EDIT 3: @Khenglish suggested measuring resistance across power input pins. If >2kOhm then something else other than the power FET broke. Measured 7 Ohms. Picture here.
EDIT 2: Added picture of backplate with thermal pad to the album.
EDIT 1: R47 and R22 in the pictures had a resistance of about 1.5 Ohms as measured with the red Centech digital multimeter - same as the adjacent clean-looking R22.
Background: the 8 Gb GTX 980M card with copper backplate (removed to take pictures) came with a used Clevo P750ZM I bought around October 2015. The laptop was originally purchased from RJTech, and the previous owner used it mainly for software development. Other than coil whine at high FPS, the machine was fine for the most part with VSync enabled. GPU temperature was checked with HWinfo64 and MSI Afterburner every so often, and I had never seen it being above 80*C. The laptop itself was always cooled by a home-made cooling pad with 4 120 mm ~1800RPM case fans installed, and I normally had internal fans on max speed whenever I play something demanding. Vents and fans were cleaned every 3-5 months, and the GPU vent wasn't blocked when the card failed. In short, I think I took care of the laptop decently given how much it cost me when my salary was $0. I got a few IRQL_not_less_or_equal BSODs related to the touch pad driver here and there, but that was about it for unusual behaviors. I didn't know about ThrottleStop before the failure, so the CPU was running at stock voltage in case anyone thinks power supply issue was involved. I bought the laptop hoping it would last 5 years or more, so I avoided OCing any component.

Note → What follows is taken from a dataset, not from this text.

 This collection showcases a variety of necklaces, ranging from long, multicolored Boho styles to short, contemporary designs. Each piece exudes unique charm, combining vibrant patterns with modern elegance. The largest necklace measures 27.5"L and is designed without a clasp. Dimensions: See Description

On average, I gamed 1-2 hours each day for the first ~1.5 years and 4+ for a couple of months leading up to the failure. The laptop itself was kept on for about ~6-12 hours daily. For games like DOOM, BF1, GTA V, and Witcher 3, I lowered the texture and lightning settings to ensure that the GPU temperature was decent at 60 FPS and above classic Runescape graphic. Extraneous settings like bloom, blur, and AA were turned off entirely. Even with those precautions taken to control the thermal behavior, the failure occurred when I was walking around looting things in Witcher 3 ~2-3 hours into the session.

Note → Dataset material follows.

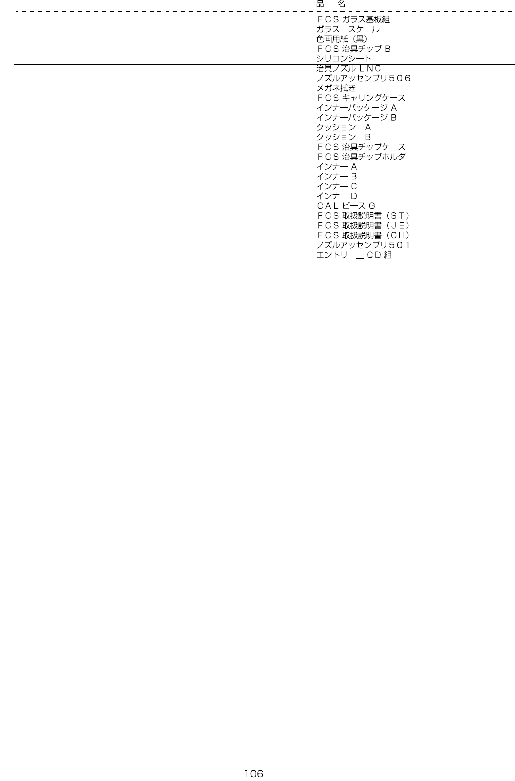 - - REF.NO NOT E PART NO D E S C R I P T I O N Qty 1 400-80943 FCS GLA SS PWB ASW 1 2 L191E-021-000 GLASS SCALE (1) 3 400-80944 DRAWIN G PAPER (1) 4 400-20304 FCS JIG CHIP B 2 5 400-27147 SILICON SHEET 250 6 400-46647 …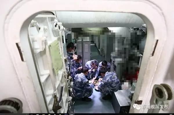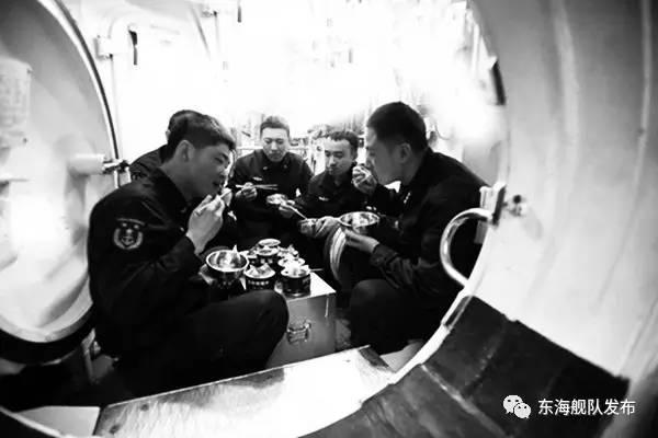 潜艇兵就餐不像岸勤单位或者水面舰艇部队,有专门的餐厅。但他们可以围坐在会议室(手术室),享用海底的“除夕宴”;可以掀开床板,数人一盆面;也可以找个空旷地,一个班席地而坐……

The Failure: screen turned black. MSI Afterburner overlay was active at the time, but I didn't check it before the crash. The laptop turned off mid-game without any sign such as freezing/distorted audio. Gameplay was smooth for the most part, and there wasn't any cue (i.e. freezing, audio distortion, micro-stuttering, MSI Overlay readout etc...) to suspect the CPU or the GPU was running too hot. I attempted to turn on the laptop, and the power supply (Chicony 230W) started clicking at the same time that its indicator light flickered. Both the battery and the power indicator LEDs remained amber while the laptop was plugged in. Pressing the power button resulted in the power indicator briefly turning green and back to amber again (along with the clicking in the power supply). The fans did not turn on. Holding down the power button long enough and the power supply's indicator light turned off completely, and no more clicking sound can be heard. Re-plugging the power supply turned the indicator light on again, and the same scenario repeated when the power button is pressed while the laptop is plugged in. It was noticed that the area around the right speaker (which is directly above the exhaust for the GPU fan), the power supply tip, and the power supply were all really hot to the touch. I measured the temperature with an infrared thermometer, and I had readings at around 45-50 degree Celsius for those regions ~5-10 minutes after the failure. Discoloration on the tip was noticed then.

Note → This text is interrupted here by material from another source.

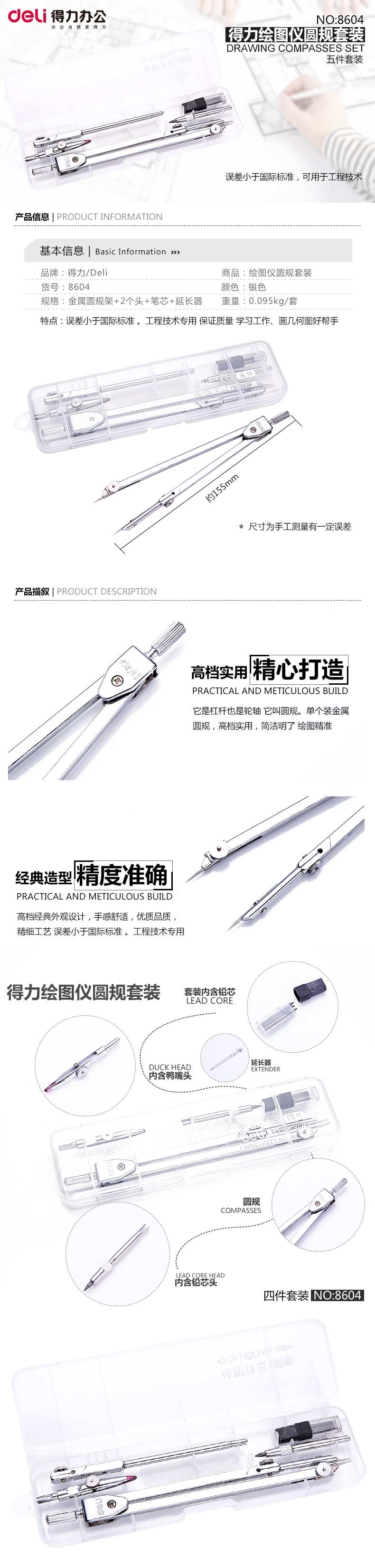 得力(deli)8604 金屬繪圖圓規套裝(圓規 延長桿 鴨嘴頭 鉛芯頭 鉛芯)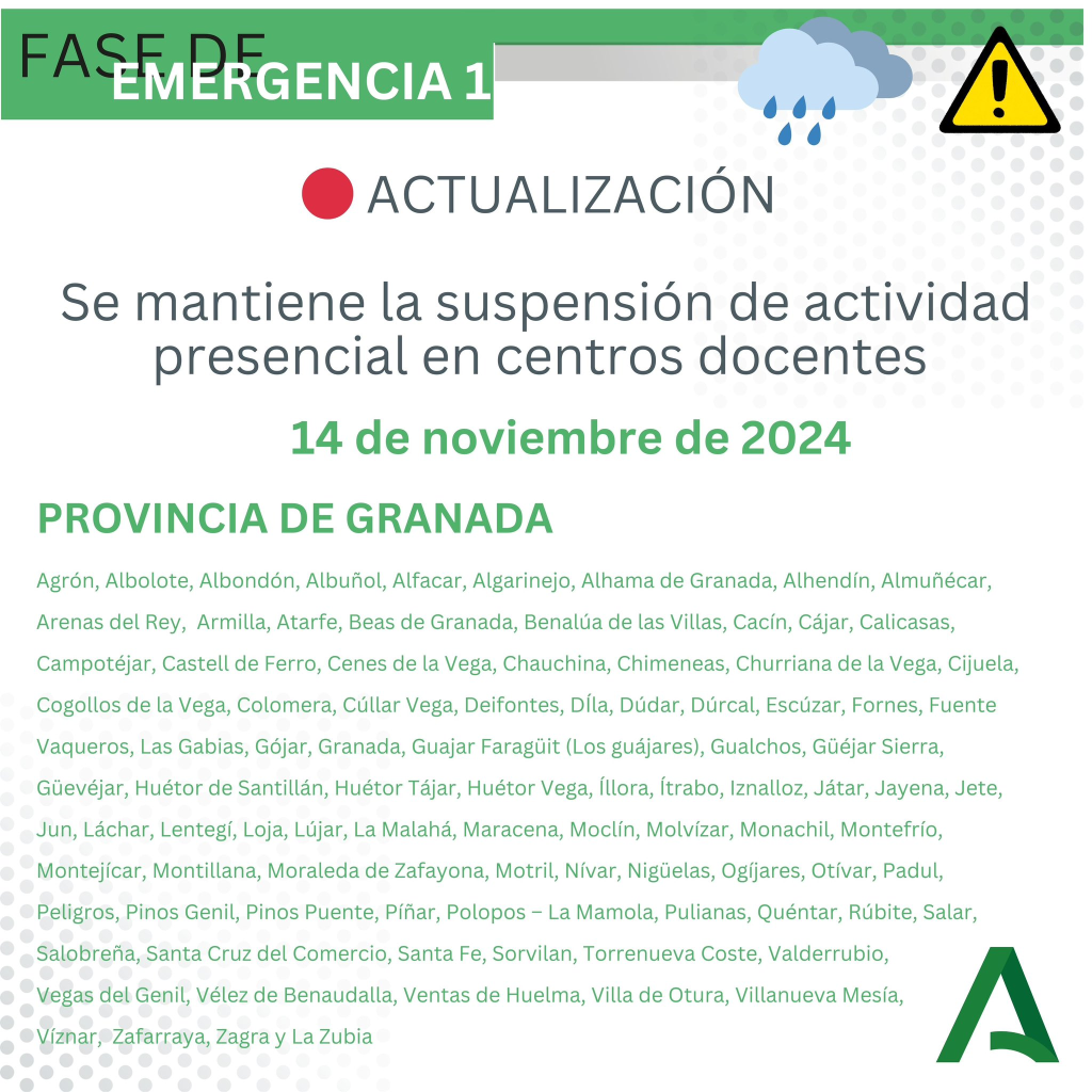 Ante los informes técnicos y permaneciendo la fase de emergencia situación operativa 1 del Plan de Emergencia ante el riesgo de inundaciones, se le comunica que mañana día 14 de noviembre de 2024 se mantiene suspendida la actividad presencial en nuestro centro educativo, por lo que no debe desplazarse al mismo. En caso de que la suspensión deba prolongarse más allá del día 14 se le comunicará por este mismo medio.

I then removed the bottom panel and checked for anything unusual. Everything visible looked fine (i.e. no exploded component/charred regions). The power adapter on the motherboard showed no sign of shorting/melting. There wasn't any "burnt-plastic" or solder odor. RAM sticks all looked fine. Battery wasn't hot. I tried holding down the power button with the battery removed for over half a minute before plugging the power supply in, both with and without the battery, but the clicking persisted. NVRAM reset didn't work. The failure occurred at midnight on a Saturday, so I decided to let the laptop sitting unplugged without battery and check it again early on Sunday morning. Problem persisted, so I sent RJTech and RMA request which they promptly granted on Monday.
The Aftermath: I had suspicions that the graphic card might be the cause of the failure to POST, but I decided that it is best to send the laptop to RJTech for them to evaluate the extent of the damage. I figured that I wouldn't be able to do much even if I removed the heatsink to check for the damage, and I was busy with work for the most part to buy a MXM card and do the diagnostic myself. Upon receiving the laptop, technical support noticed that there was some unidentified liquid on the VRAM chips (which I believed to be thermal pad oil) and sent me the 2 pictures that circled the affected chips. I asked them to check if the motherboard was still functional with a new GTX 980M installed, and after some stress testing they confirmed that other components survived. I confirmed with later testing that the power supply was still functional (enough to sustain the CPU under heavy load at least) although I never tried to push it to the +200W regime. While I'm grateful that RJTech accommodated my request for additional testing with a functional card, I decided to get the broken laptop back. I was uncertain about the reliability of my P750ZM at the time, so both getting a new card to restore the P750ZM to pre-failure performance and getting the broken card refurbished by Clevo were out of the question for me.
Now: I found a surprisingly cheap Sager NP9870-S originally from Xotic-PC up for sale on Craigslist of all places. The thing has 980M in SLI, so at least I am comforted by the fact that if 1 card failed, there's always another one inside. It is also nice to know that in the event of simultaneous 2x card failure, I can always build a PE4C eGPU setup like what @bloodhawk did with his P870DM here. Call me paranoid but I already got a PE4C v4.1 and power supply just in case. I also upgraded my cooling pad with 4 of these. As for the P750ZM, I grabbed a GTX 765M and brought it back to life with that. Installed ThrottleStop on both machines and spent awhile to lower the voltages as low as possible.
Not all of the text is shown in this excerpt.